On July 3, 2020, our Chief Executive Officer Dr. Frank Haluska sent a letter to
our Chairman that the Board has considered and construes as notice of
constructive resignation. The letter outlined Dr. Haluska's belief that events
have occurred that are sufficient to trigger his ability to resign for "Good
Reason" under his employment agreement, and that he intends to resign as of
August 8, 2020 assuming the "Good Reason" events are not cured within thirty
(30) days. After discussion and advice from Company legal counsel, the Board
has informed Dr. Haluska that it completely disagrees with the letter's
assertions regarding "Good Reason". At the same time, the Board has concluded
that based on the content and nature of Dr. Haluska's letter, it is reasonable
to treat the letter as a constructive resignation. As a result, the Board has
resolved to relieve Dr. Haluska of his CEO duties effective immediately. In the
letter, Dr. Haluska also confirms his intent to resign as a director of the
Company. However, as of this date he has not submitted his formal
resignation. Until a new CEO is identified and appointed the Board will handle
all matters related to CEO duties.
On July 6, 2020, the Company received notice from Danforth Advisors of its
intention to terminate without cause its Consulting Agreement with the Company
dated September 26, 2016. Pursuant to this agreement, Danforth Advisors has
provided CFO services for the Company since May 5, 2020 and will no longer act
in that role.
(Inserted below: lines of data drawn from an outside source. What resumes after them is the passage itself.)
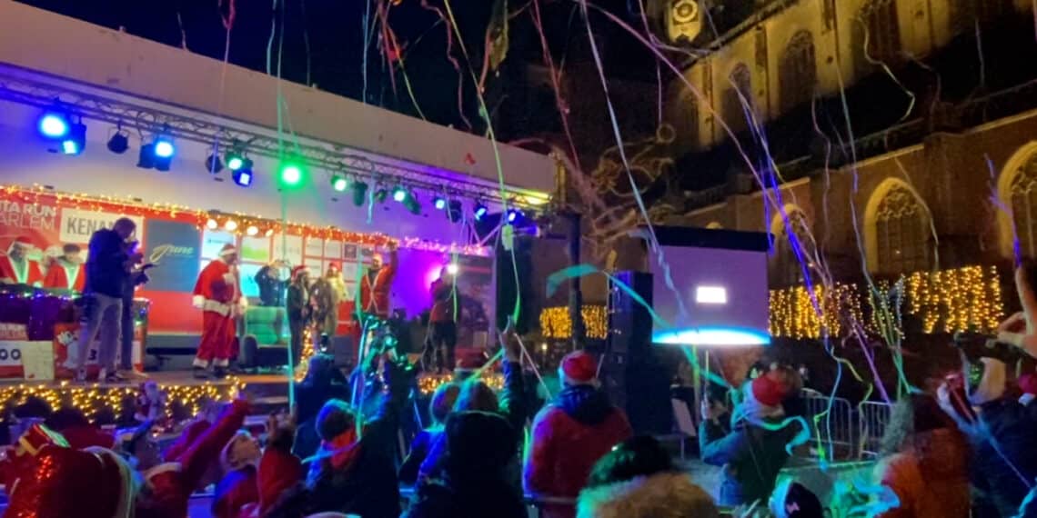 “We staan hier met ons allen, hebben plezier en vieren kerst. Ondanks dat het niet doorgaat, denk ik dat het evenement goed gelukt is”, meent Anne, die bijval krijgt van haar vriendinnen. Gezien de hoeveelheid hossende kerstmannen en vrouwen op de Grote Markt lijken ze gelijk te hebben. Honderden uitgedoste mensen zijn ondanks de gladheid op het evenement afgekomen.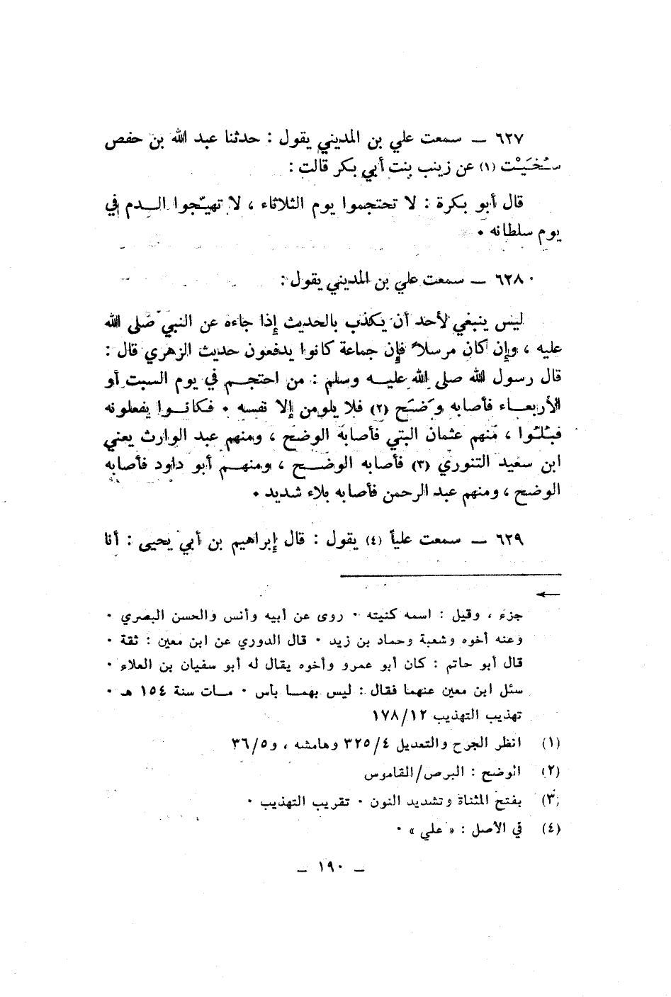 سمعت على بن المدينى يقول حدثنا عبد الله بن خفص سخيت عن زينب بنت ابى بكر قال قال ابو بكرة لا تحتجموا يوم الثلاثاء لا تهيجوا الدم فى يوم سلطانه سمعت على بن المدينى يقول ليس ينبغى لأحد ان يكذب بالحديث اذا جاءه عن النبى صلى الله عليه وان كان مرسلا فإن جماعة كانوا يدفعون حديث الزهرى قال قال رسول الله صلى الله عليه وسلم من احتجم فى يوم السبت او الأربعاء فأصابه وضح فلا يلومن الا نفسه فكانوا يفعلونه فبلوا منهم عثمان البتى فأصابه الوضح ومنهم عبد الوارث يعنى ابن سعيد التنورى فأصابه الوضح ومنهم ابو داود فأصابه الوضح ومنهم عبد الرحمن فأصابه بلاء شديد سمعت عليا يقول قال ابراهيم بن ابى يحيى انا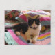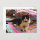 Carte postale de chat smoking mignon avec un joli tapis au crochet. Une photographie originale prise par moi.

The Company has engaged Line Consulting A.S Ltd. ("Line
Consulting") to provide all necessary financial consulting services and has
appointed Mr. Andrew Fine as acting CFO. Line Consulting has provided financial
consulting services for the Company since May 1, 2020. Danforth will continue to
provide financial consulting services, including working with Line Consulting,
for up to 60 days from the date of its notice.
Item 8.01. Other Events.
The Company previously announced as its priority the development of our
pan-RAS-inhibitor program. In order to execute on this priority, the Company
requires additional equity capital and/or a co-development partner willing to
finance development activities.
Starting in 2019, management has been working to identify licensing and
co-development partners, including with the assistance of Life Sciences
Advisors, a prominent consultancy.
The Company has also attempted to identify additional equity financing necessary
to support the pan-RAS-inhibitor program.
Despite management's efforts to attract co-development partners and financing
sources, to date these efforts have not resulted in opportunities that are
sufficiently mature and upon which the Company can execute.
In order to conserve cash and preserve optionality while alternatives are being
identified and assessed, the Company will be undertaking reductions in headcount
and other cost saving measures. These include plans to temporarily pause its
internal and external research and development work on the Company's
pan-RAS-inhibitor program until there is greater clarity regarding Anchiano's
ability to fund such work.
The Company has also begun to explore strategic alternatives and has engaged
Oppenheimer & Co. to assist with this effort.